**What to produce**
If pictures appear in the lines below, skip them and copy exactly the lines from the one containing "第三届中国—中东欧国家博览会" through the one containing "イララ椰子と呼ばれるヤシの葉", and nothing else.

[Stored data]

════════

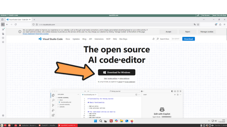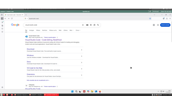 Per instal·lar el codi del Visual Studio, només cal que aneu al vostre navegador i cerqueu el codi del Visual Studio.
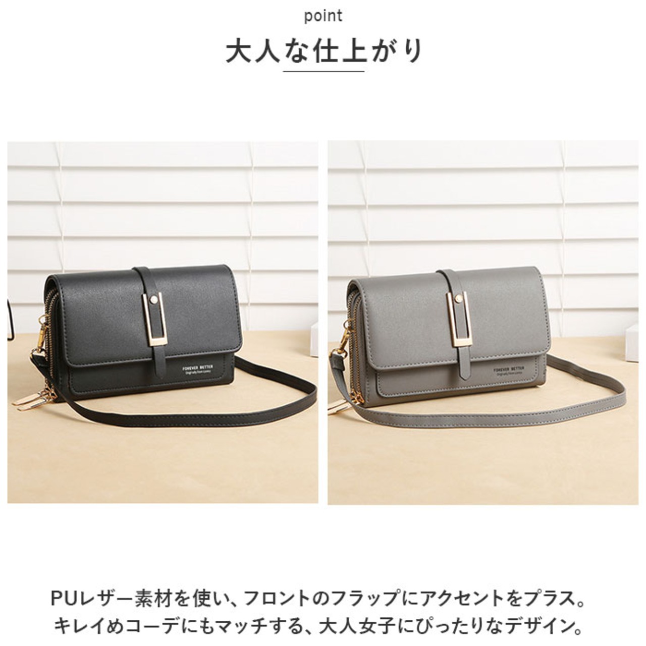 ・PUレザー素材を使い、フロントのフラップにアクセントをプラス。キレイめコーデにもマッチする、大人女子にぴったりなデザイン。
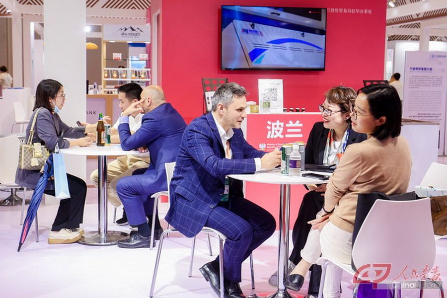 第三届中国—中东欧国家博览会上,中外参展代表交流沟通。(图片来源:宁波市委宣传部)
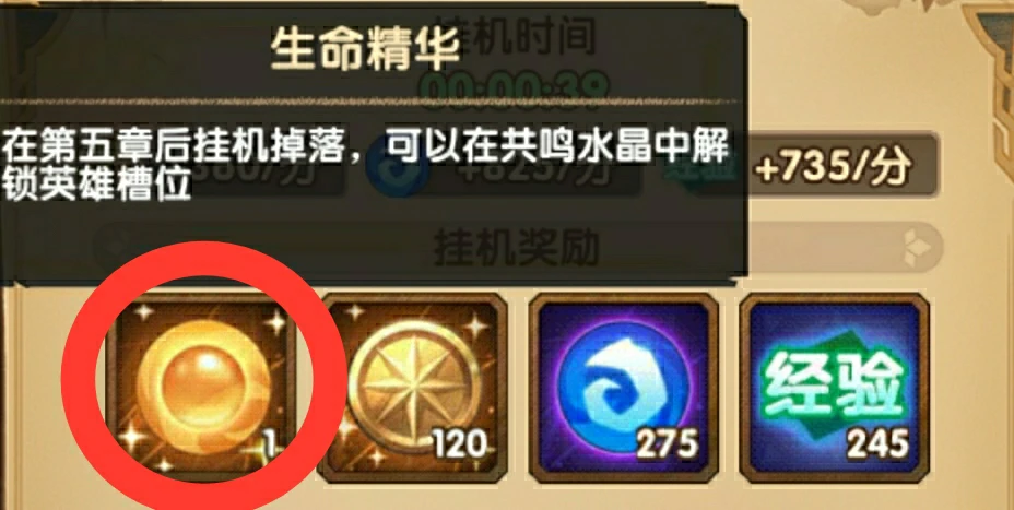 ①金币、②英雄经验、③玩家经验、④英雄粉尘、⑤生命精华
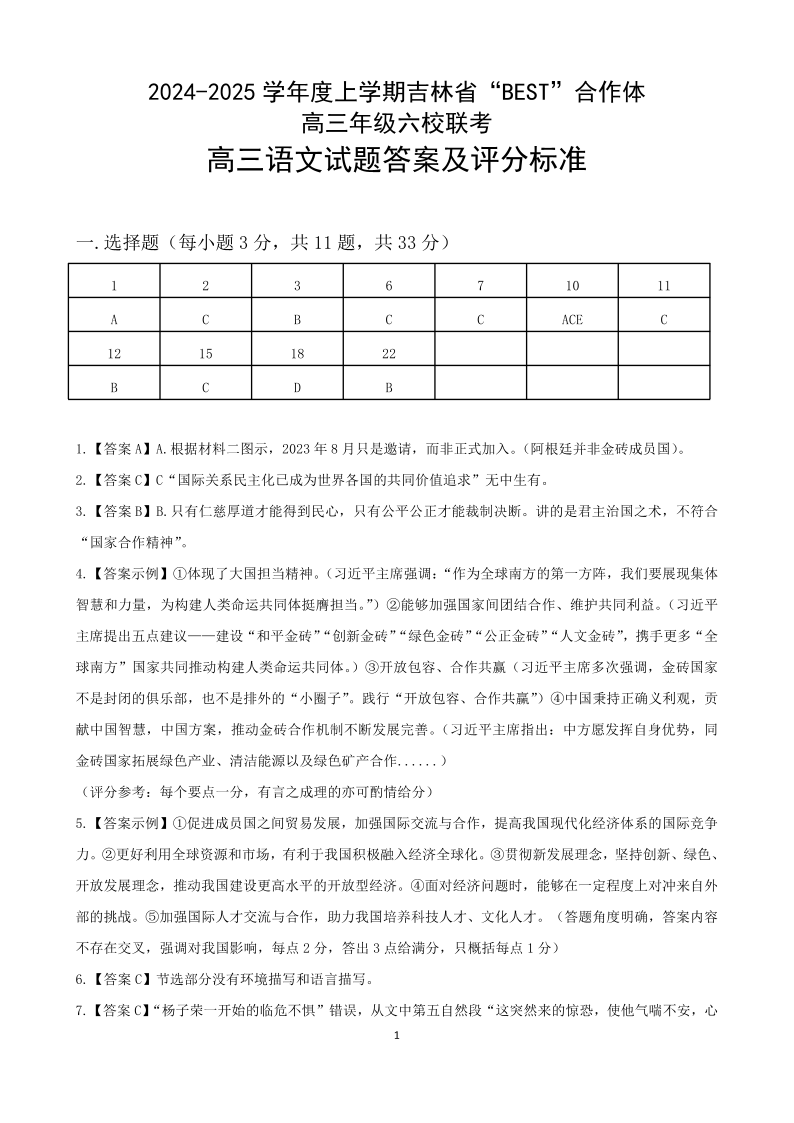 吉林省“BEST”合作体六校2025届高三上学期第三次联考语文答案
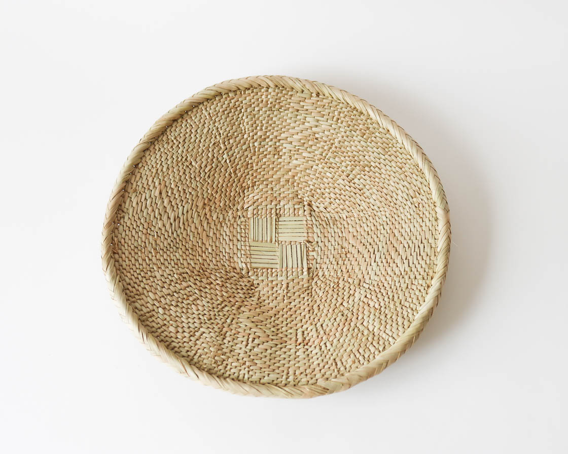 イララ椰子と呼ばれるヤシの葉を、細く割いて編み込んだ、こまやかな模様編みが特徴。
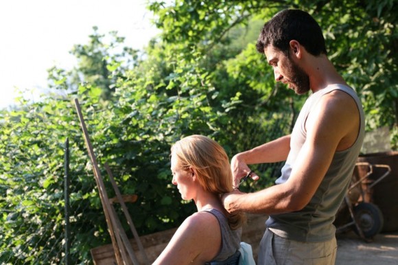 It is only when she ventures to the very un-designed setting of a hillside cottage within an overgrown garden and sits down next to an up-turned wheelbarrow that we see her happy. It is here, with her new lover, that lets passion consume her and then she gets a haircut, an undoubtedly symbollic shedding of her luxury trappings and explosion of her repressed feelings.

════════

**Solution to this task**
 第三届中国—中东欧国家博览会上,中外参展代表交流沟通。(图片来源:宁波市委宣传部)
 ①金币、②英雄经验、③玩家经验、④英雄粉尘、⑤生命精华
 吉林省“BEST”合作体六校2025届高三上学期第三次联考语文答案
 イララ椰子と呼ばれるヤシの葉を、細く割いて編み込んだ、こまやかな模様編みが特徴。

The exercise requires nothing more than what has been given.